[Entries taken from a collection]
+++++
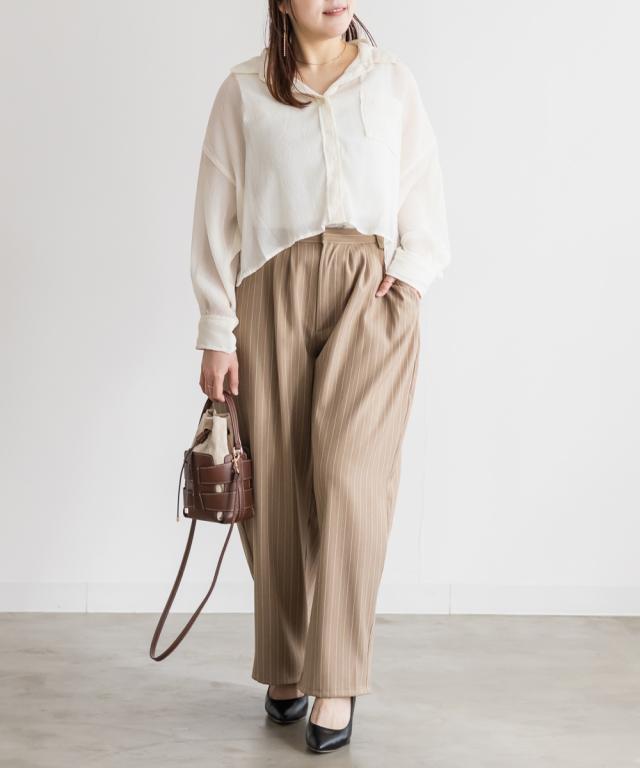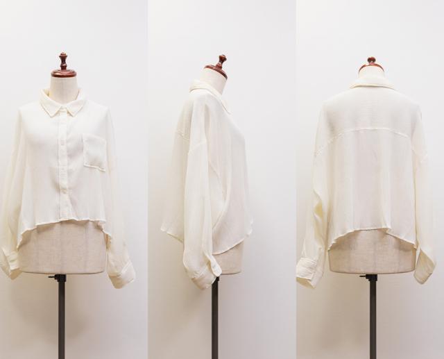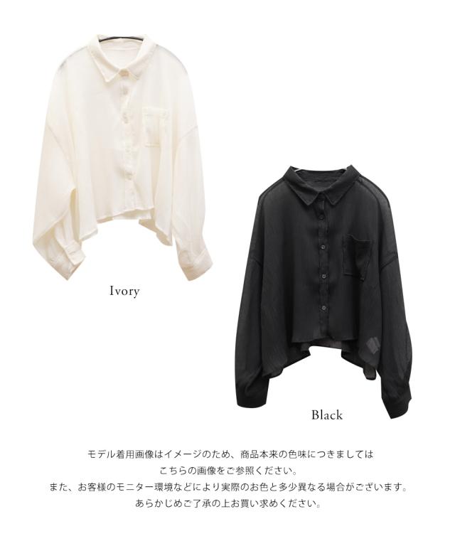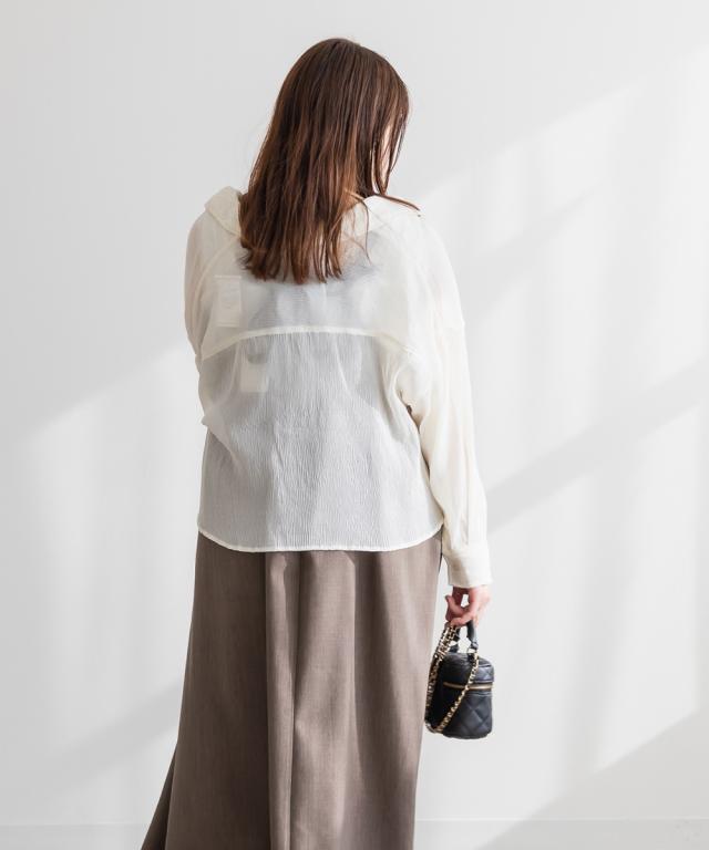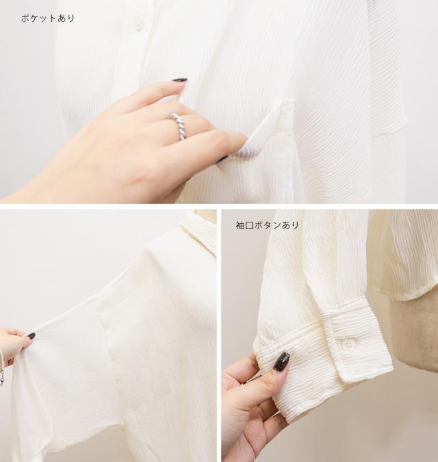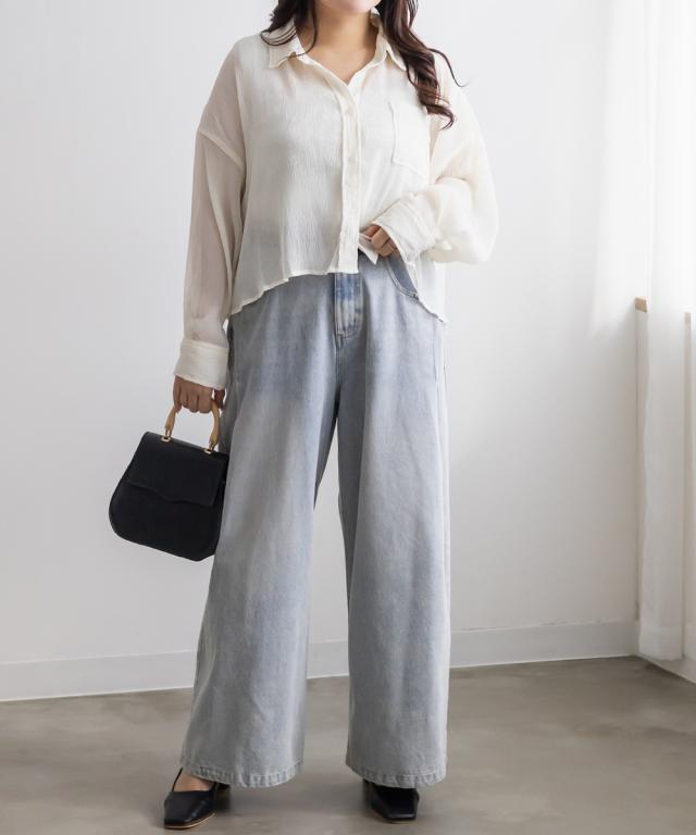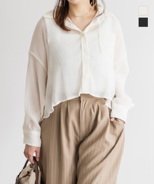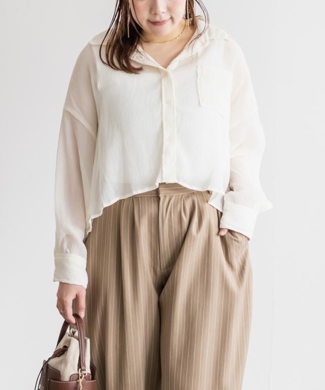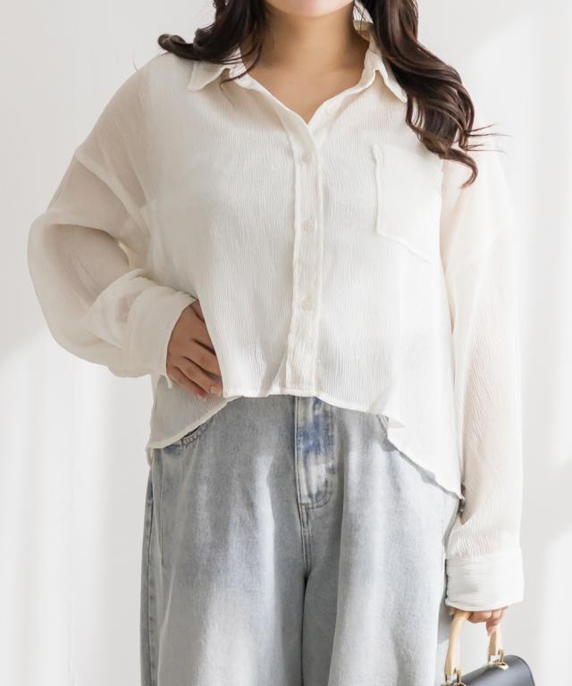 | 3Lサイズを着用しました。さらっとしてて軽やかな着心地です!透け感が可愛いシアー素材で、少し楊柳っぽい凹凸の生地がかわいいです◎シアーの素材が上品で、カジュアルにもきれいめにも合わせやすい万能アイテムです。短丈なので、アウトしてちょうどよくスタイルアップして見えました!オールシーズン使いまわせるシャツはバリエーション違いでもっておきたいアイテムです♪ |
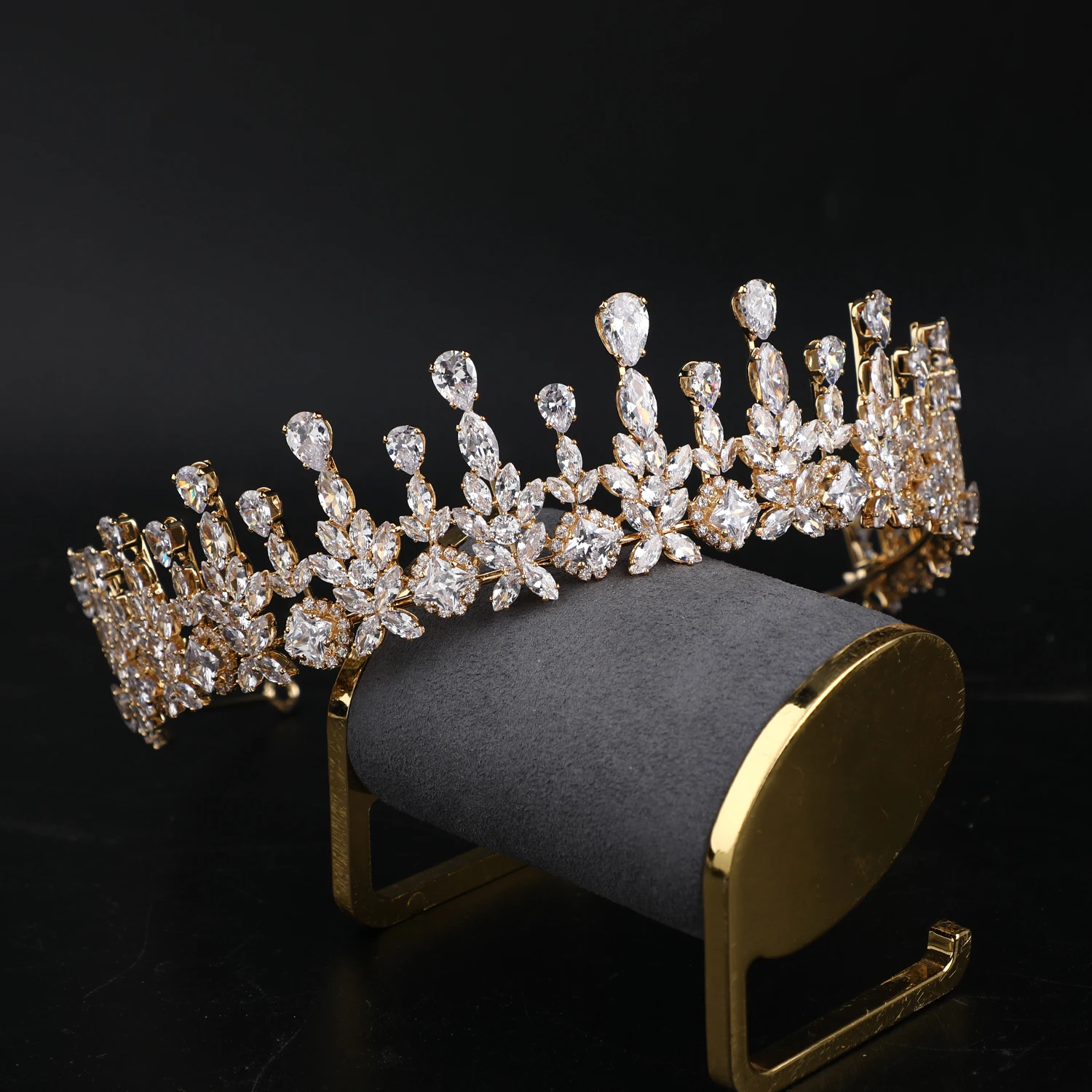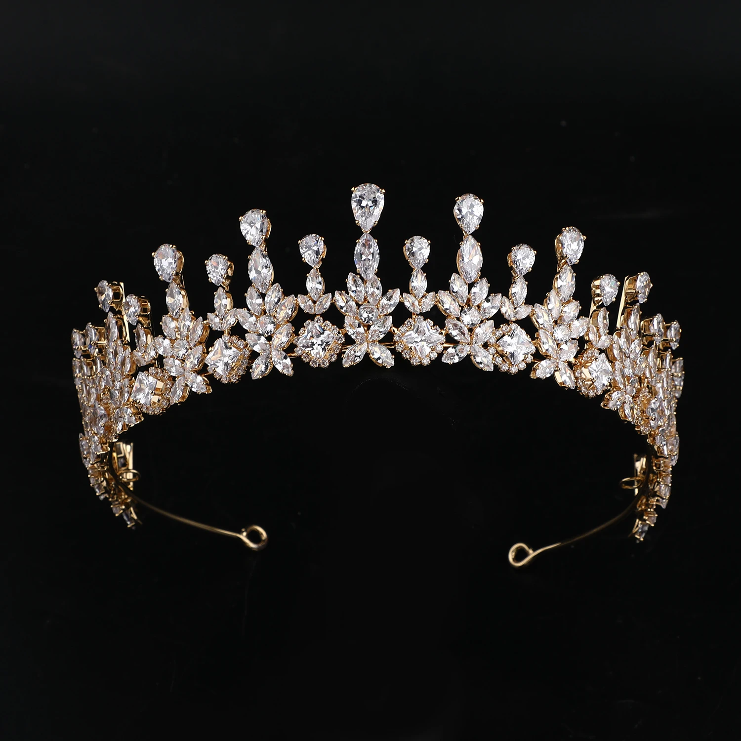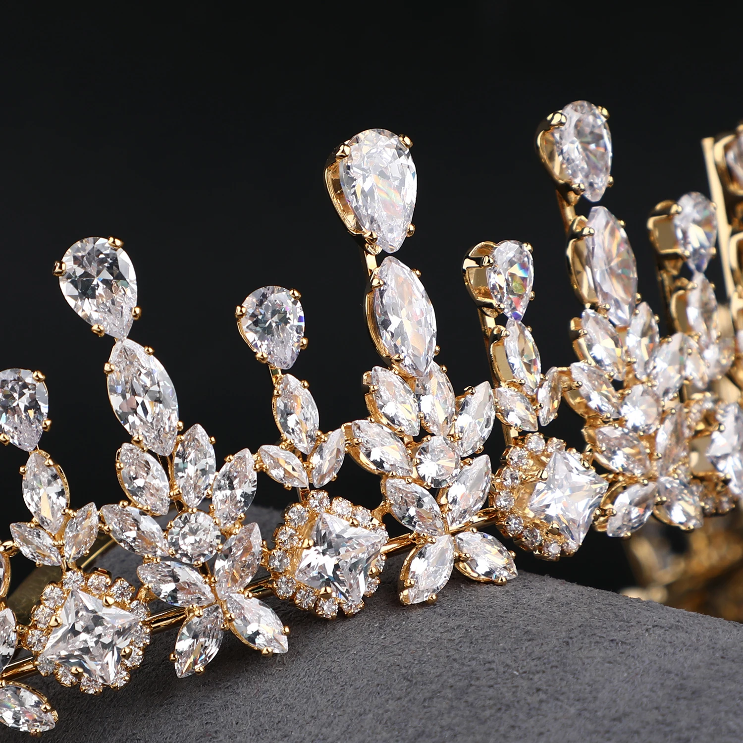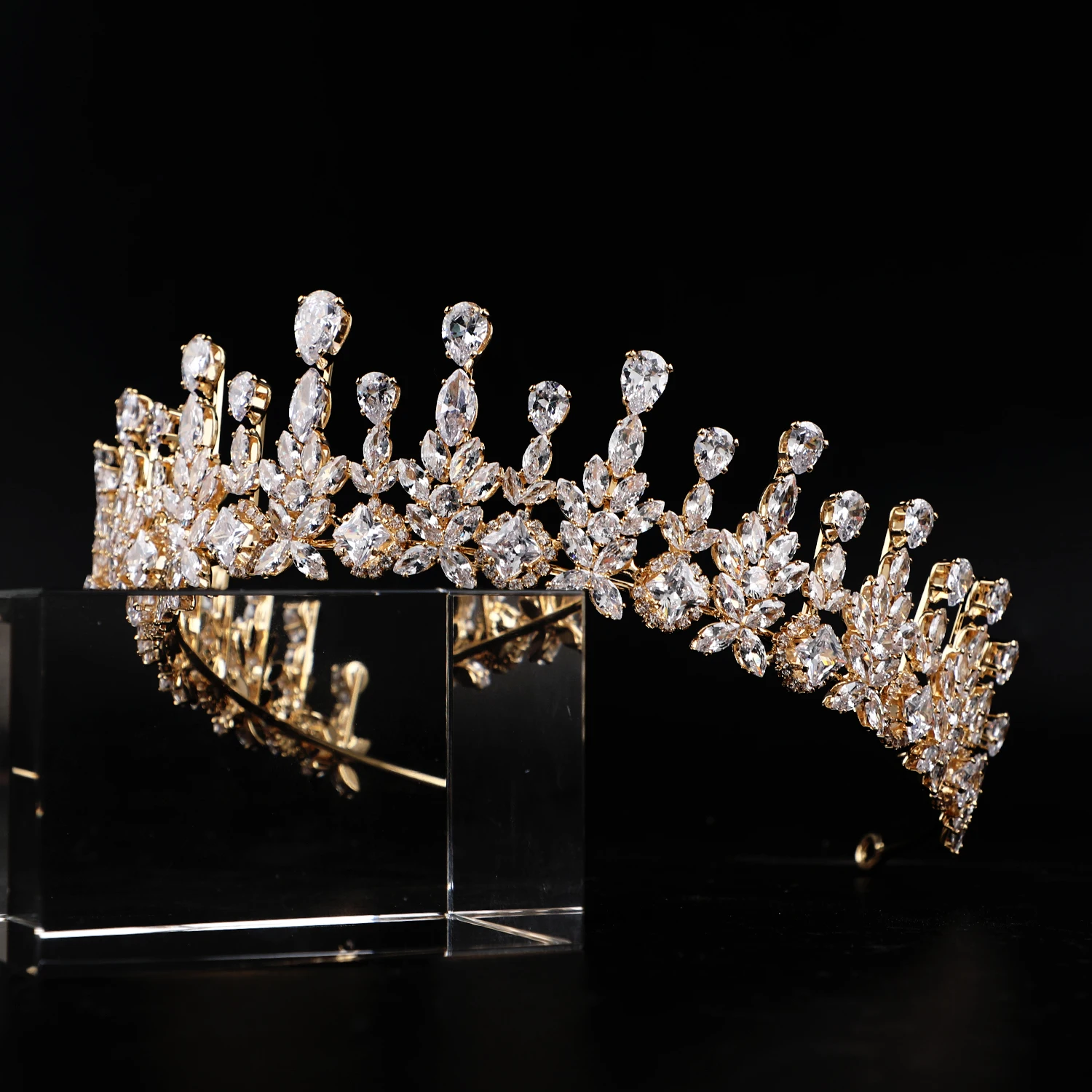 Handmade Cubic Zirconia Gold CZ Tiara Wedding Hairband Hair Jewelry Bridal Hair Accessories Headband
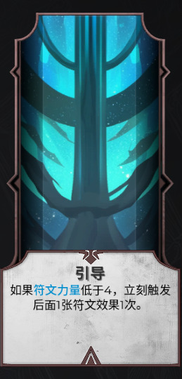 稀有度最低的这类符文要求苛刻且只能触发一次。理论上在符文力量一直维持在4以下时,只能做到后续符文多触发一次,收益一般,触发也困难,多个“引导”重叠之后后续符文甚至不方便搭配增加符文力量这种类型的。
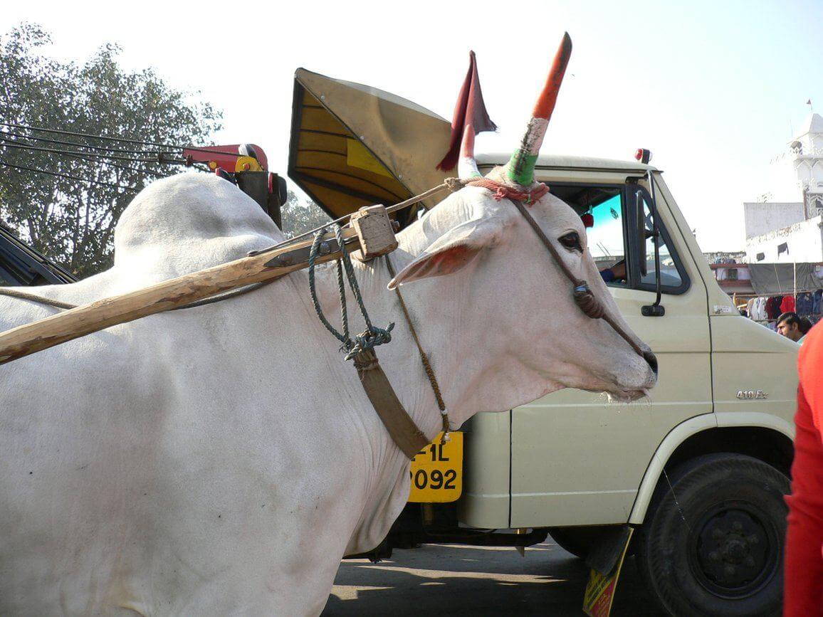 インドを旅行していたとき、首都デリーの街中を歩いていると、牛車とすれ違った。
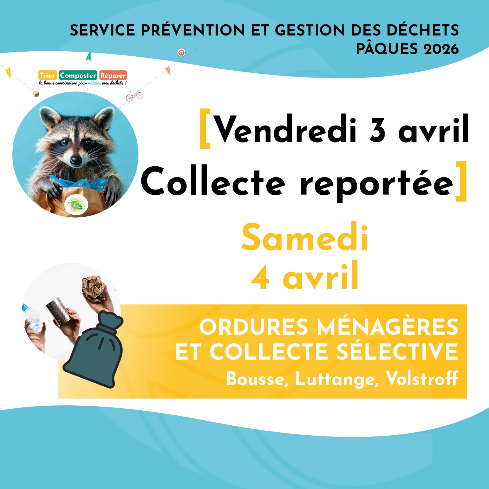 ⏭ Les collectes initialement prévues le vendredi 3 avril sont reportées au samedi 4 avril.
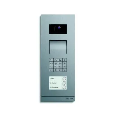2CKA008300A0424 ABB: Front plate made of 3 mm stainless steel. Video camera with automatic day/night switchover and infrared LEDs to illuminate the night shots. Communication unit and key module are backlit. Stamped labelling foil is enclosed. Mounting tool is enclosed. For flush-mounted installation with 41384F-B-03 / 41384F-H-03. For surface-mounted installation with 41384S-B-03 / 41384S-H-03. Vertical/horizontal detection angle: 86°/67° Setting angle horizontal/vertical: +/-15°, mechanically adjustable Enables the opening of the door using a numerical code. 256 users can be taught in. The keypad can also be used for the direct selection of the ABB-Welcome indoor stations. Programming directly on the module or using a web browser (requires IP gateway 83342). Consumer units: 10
+++++
◆ **WHAT NEEDS TO BE DONE**: Print all records verbatim, excluding pictures.

◆ **EXERCISE SOLUTION**:
 | 3Lサイズを着用しました。さらっとしてて軽やかな着心地です!透け感が可愛いシアー素材で、少し楊柳っぽい凹凸の生地がかわいいです◎シアーの素材が上品で、カジュアルにもきれいめにも合わせやすい万能アイテムです。短丈なので、アウトしてちょうどよくスタイルアップして見えました!オールシーズン使いまわせるシャツはバリエーション違いでもっておきたいアイテムです♪ |
 Handmade Cubic Zirconia Gold CZ Tiara Wedding Hairband Hair Jewelry Bridal Hair Accessories Headband
 稀有度最低的这类符文要求苛刻且只能触发一次。理论上在符文力量一直维持在4以下时,只能做到后续符文多触发一次,收益一般,触发也困难,多个“引导”重叠之后后续符文甚至不方便搭配增加符文力量这种类型的。
 インドを旅行していたとき、首都デリーの街中を歩いていると、牛車とすれ違った。
 ⏭ Les collectes initialement prévues le vendredi 3 avril sont reportées au samedi 4 avril.
2CKA008300A0424 ABB: Front plate made of 3 mm stainless steel. Video camera with automatic day/night switchover and infrared LEDs to illuminate the night shots. Communication unit and key module are backlit. Stamped labelling foil is enclosed. Mounting tool is enclosed. For flush-mounted installation with 41384F-B-03 / 41384F-H-03. For surface-mounted installation with 41384S-B-03 / 41384S-H-03. Vertical/horizontal detection angle: 86°/67° Setting angle horizontal/vertical: +/-15°, mechanically adjustable Enables the opening of the door using a numerical code. 256 users can be taught in. The keypad can also be used for the direct selection of the ABB-Welcome indoor stations. Programming directly on the module or using a web browser (requires IP gateway 83342). Consumer units: 10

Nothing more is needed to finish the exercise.